Around 100 hikers and backpackers were rescued Tuesday morning in the High Sierra after being trapped by the Creek Fire for several days.
The California Army National Guard has been sending Chinook and Black Hawk helicopters out in Fresno County since the fire first broke out. While crews were able to rescue dozens of families camping in the Mammoth Pool area over the weekend, accessing rugged backcountry trails has been a much more delicate operation.
“The air crews have made several attempts both during the day and also at night to get into those individuals that are in need of being rescued,” said Col. David Hall.
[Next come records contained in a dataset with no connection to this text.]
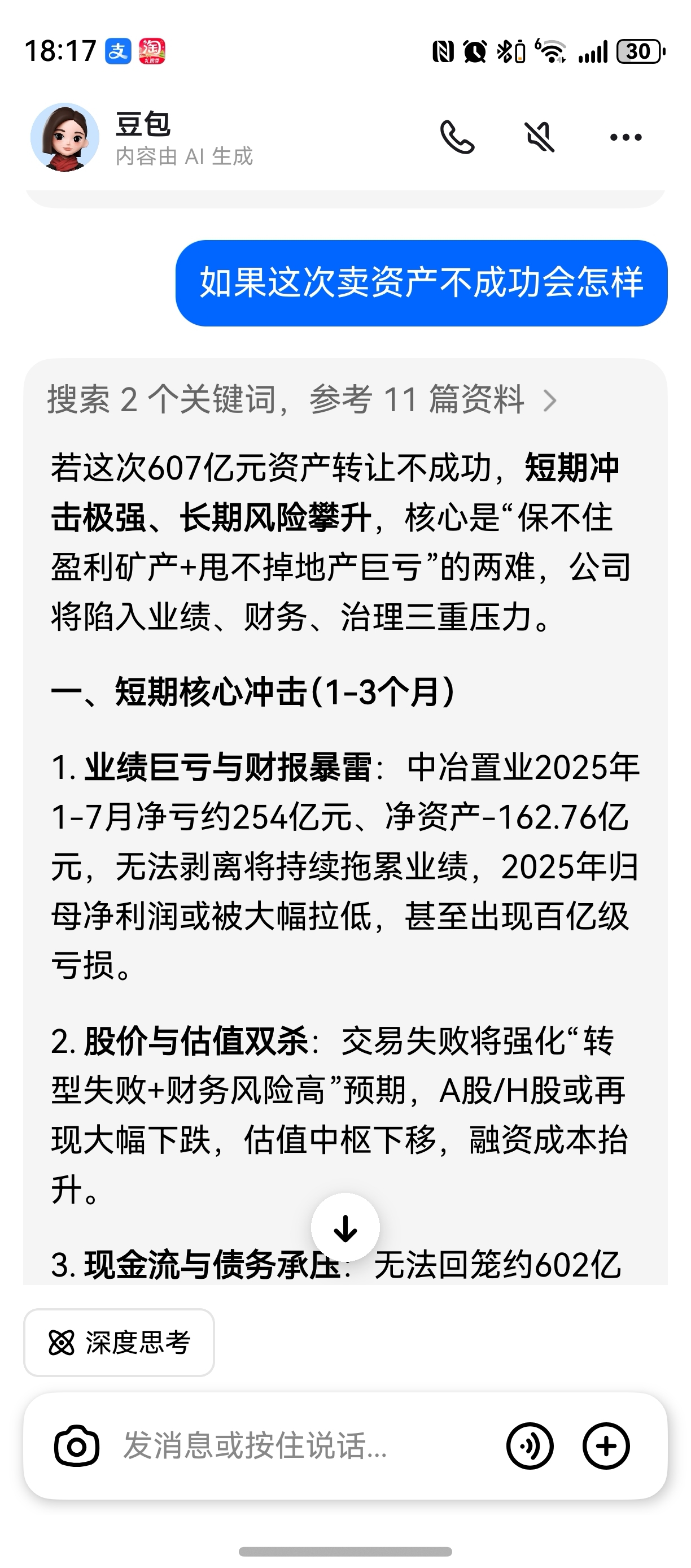 $中国中冶(SH601618)$ 问了豆包,说是资产转让不成功,短期股价还要下跌。
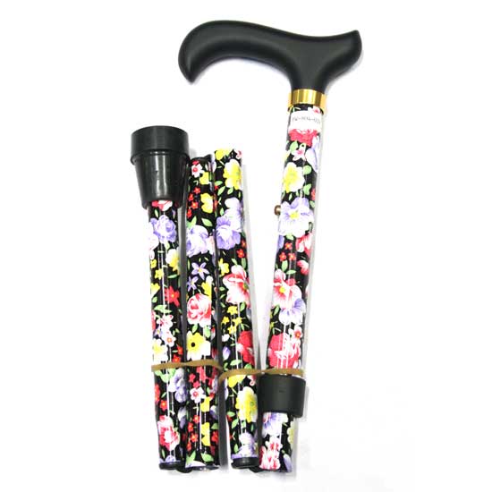 This folding walking stick flaunts a youthful style with its black handle and brightly colored flower pattern. Made with a folding design, this walking stick can be carried in your bag conveniently. Featuring a comfortable handle and durable construction, this walking stick is a reliable companion to your journeys.
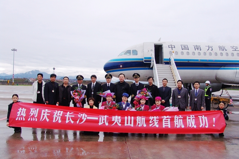 2009年3月29日上午九点零五分由南方航空公司执飞的长沙至武夷山首航班机在武夷山机场降落,这条航线的开通将给两地的航空旅游市场带来新的发展机遇,同时随着长沙至武夷山定期航班的通航,对促进两地的经济文化交流将发挥积极的作用。
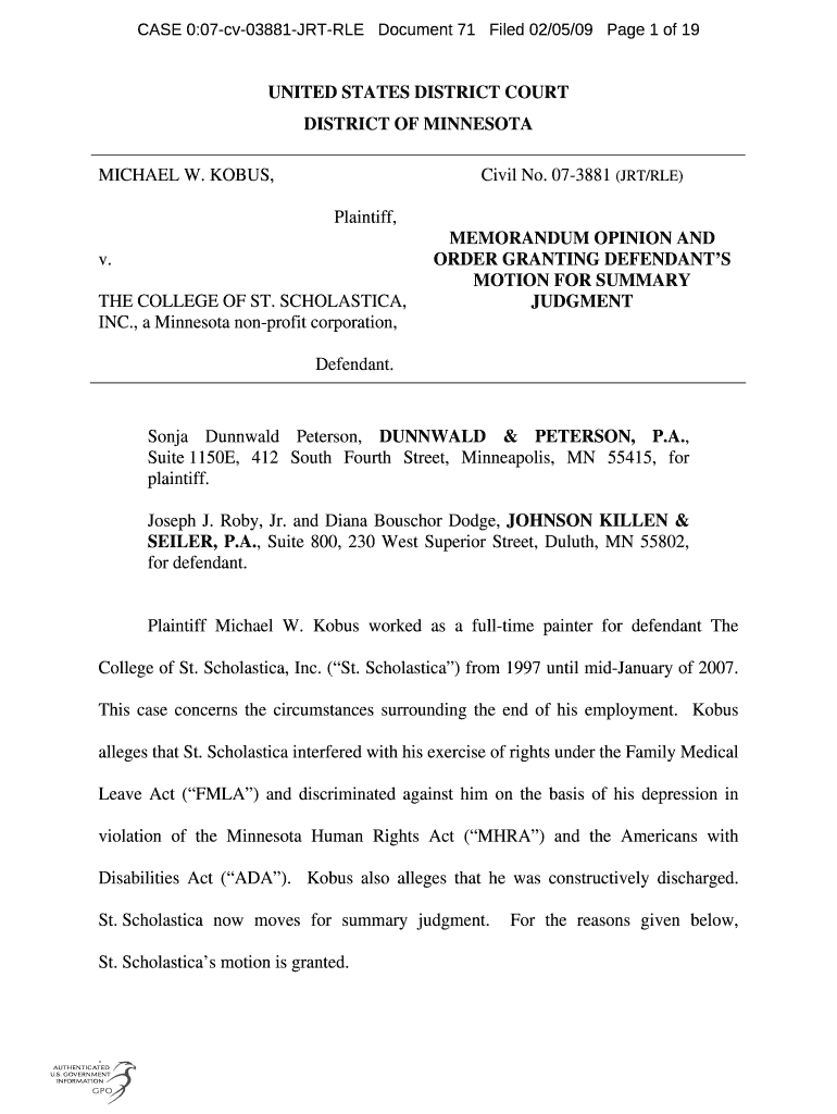CASE 0:07cv03881JRTRLE Document 71 Filed 02/05/09-Page 1 of 19UNITED STATES DISTRICT COURT DISTRICT OF MINNESOTA MICHAEL W. KOB US, Civil No. 073881 (ART/RLE) Plaintiff, v. THE COLLEGE OF ST. SCHOLASTIC,
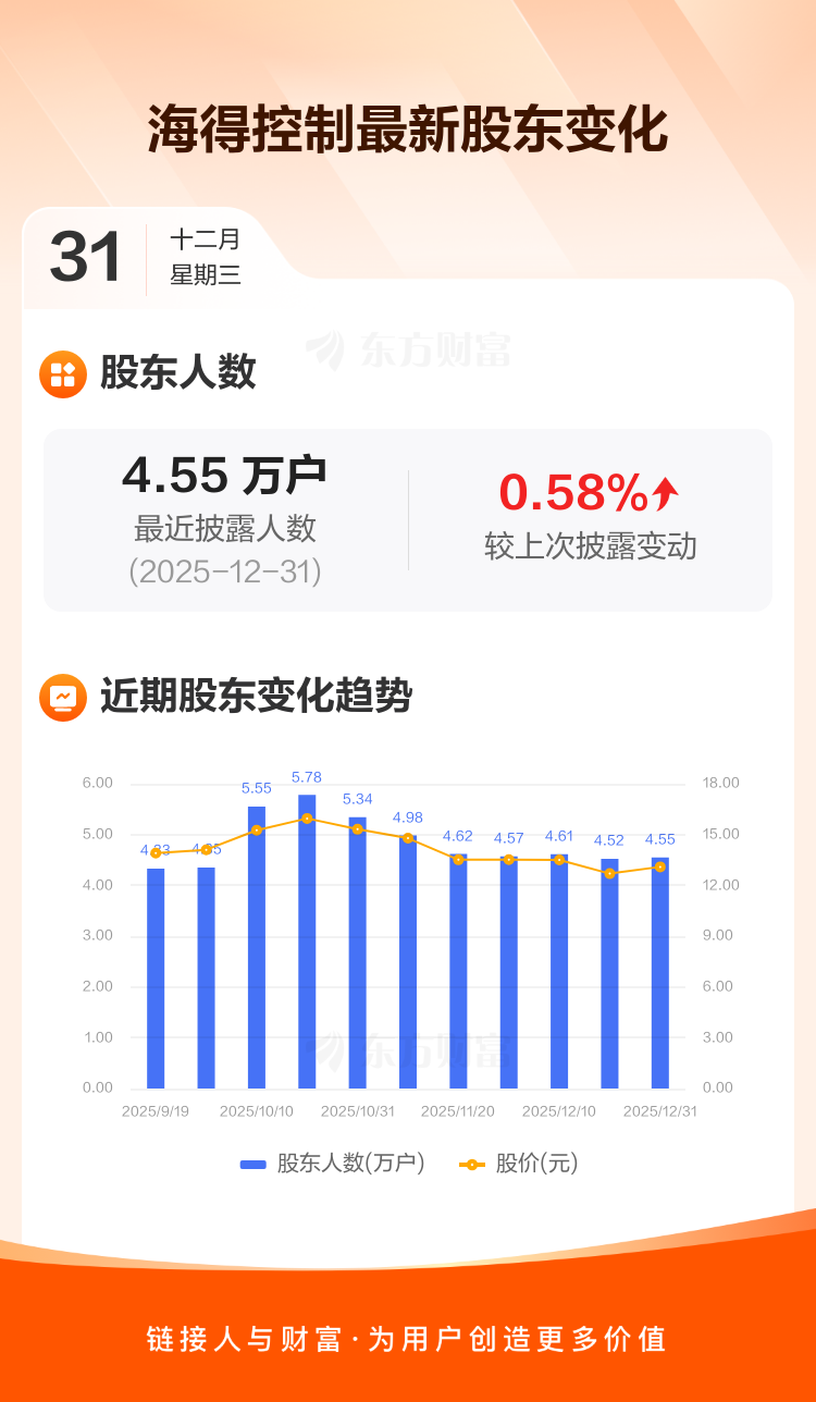 海得控制:截至12月31日最新股东户数4.55万户,较上期增加0.58%
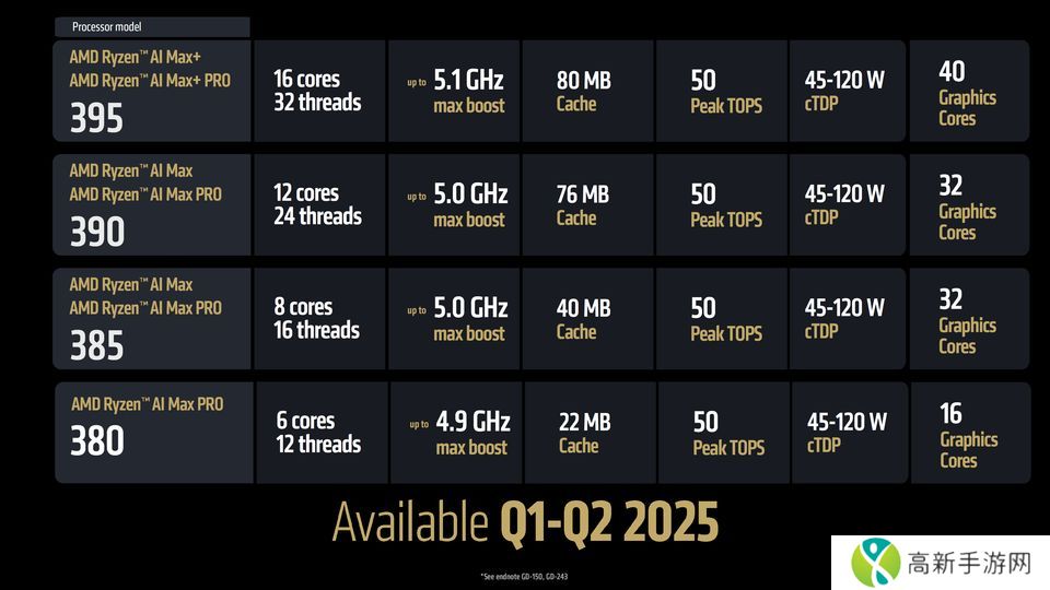 AMD Ryzen AI Max "Strix Halo" 系列包括四款 APU,每款都有标准版和 Pro 版:
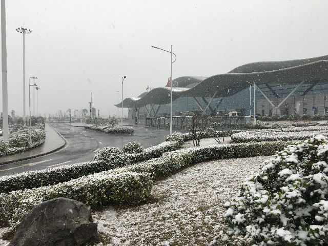 12月7日,十堰城区降下今冬首场雪。7日早,留在机场过夜的航班机身上落下一层积雪。7时30分,飞机起飞前,机场地服工作人员使用除冰车对机
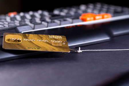 Internet fraud using computer technology, stealing money on the Internet, stealing credit card data. Hook hooked credit card on computer keyboard background.
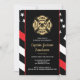 This design features a firemen's flag with black and white stripes, and a thin red line stripe as well. A fireman's badge sits above all of the party details for the retiring firefighter, lieutenant, or chief's retirement party.
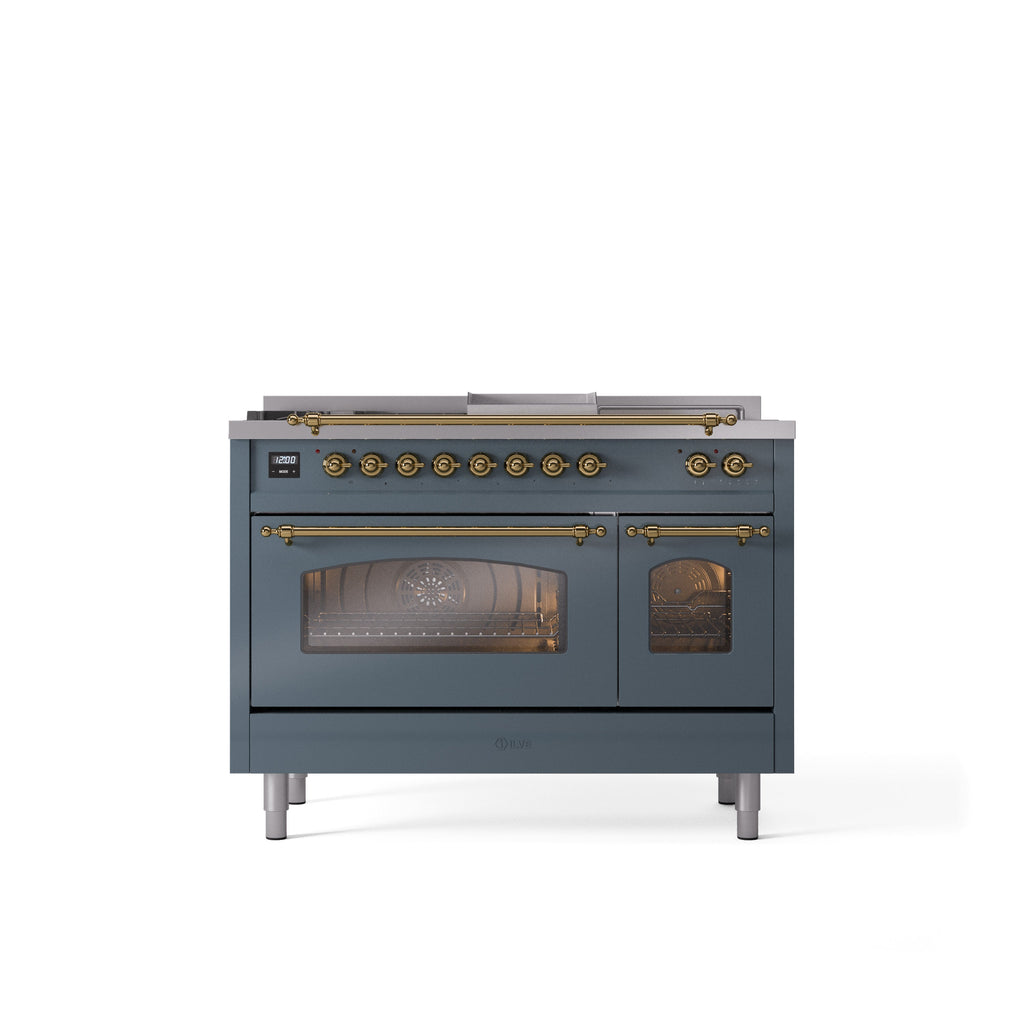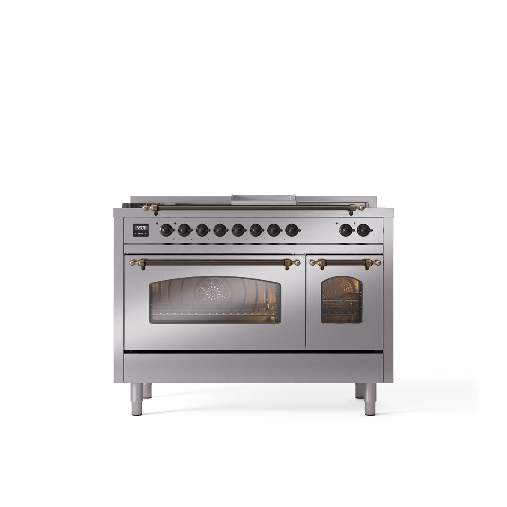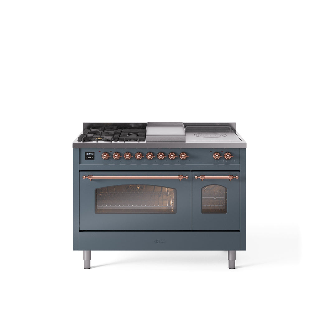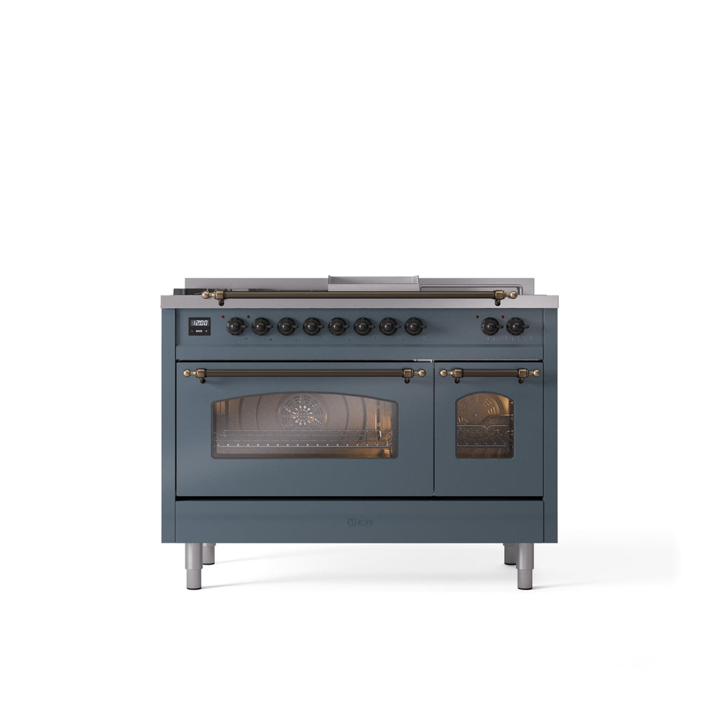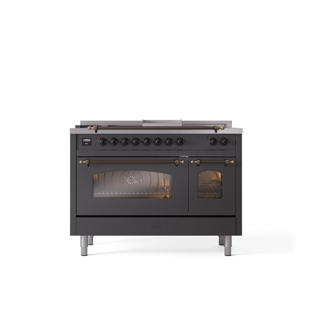 ILVE Nostalgie 48" Dual Fuel Range with 5 Sealed Burners Griddle French Top Triple Glass Door - UP48FSNMP

Officials had put out word to stranded hikers to shelter together in specific areas. “All of them are very, very difficult to get to.”
The smoke greatly reduced visibility in the area and crews had to call off their search late Monday night.
But rescue flights began again Tuesday in the predawn darkness and made several successful airlifts.
Joe Ebright and his two teenaged sons were among the people rescued.
“It’s been so hard,” said his wife Lisa Ebright. “Waiting for them, seeing the planes come and no one comes out, we’re not hearing from them. I’m so happy. I know I’m crying but they’re happy tears.”
Officials say they do not know exactly how many people may have been on the trails when the fire erupted. The John Muir Trail and Pacific Crest Trail both run through the affected areas and are popular with adventurers who may go off the grid for weeks at a time.
One solace to people waiting to hear from their loved ones is that there are safe places in the area to shelter, including the Vermilion Valley Resort where dozens of evacuees gathered Monday.
“They’re safe for now and we’re just hoping that it stays that way and they’re able to get home safely,” said Lindy Budd Monday night. Her 19-year-old brother Riley was among the names of evacuees waiting at the resort.
Officials say they will keep searching as long as there are still reports of people in the area.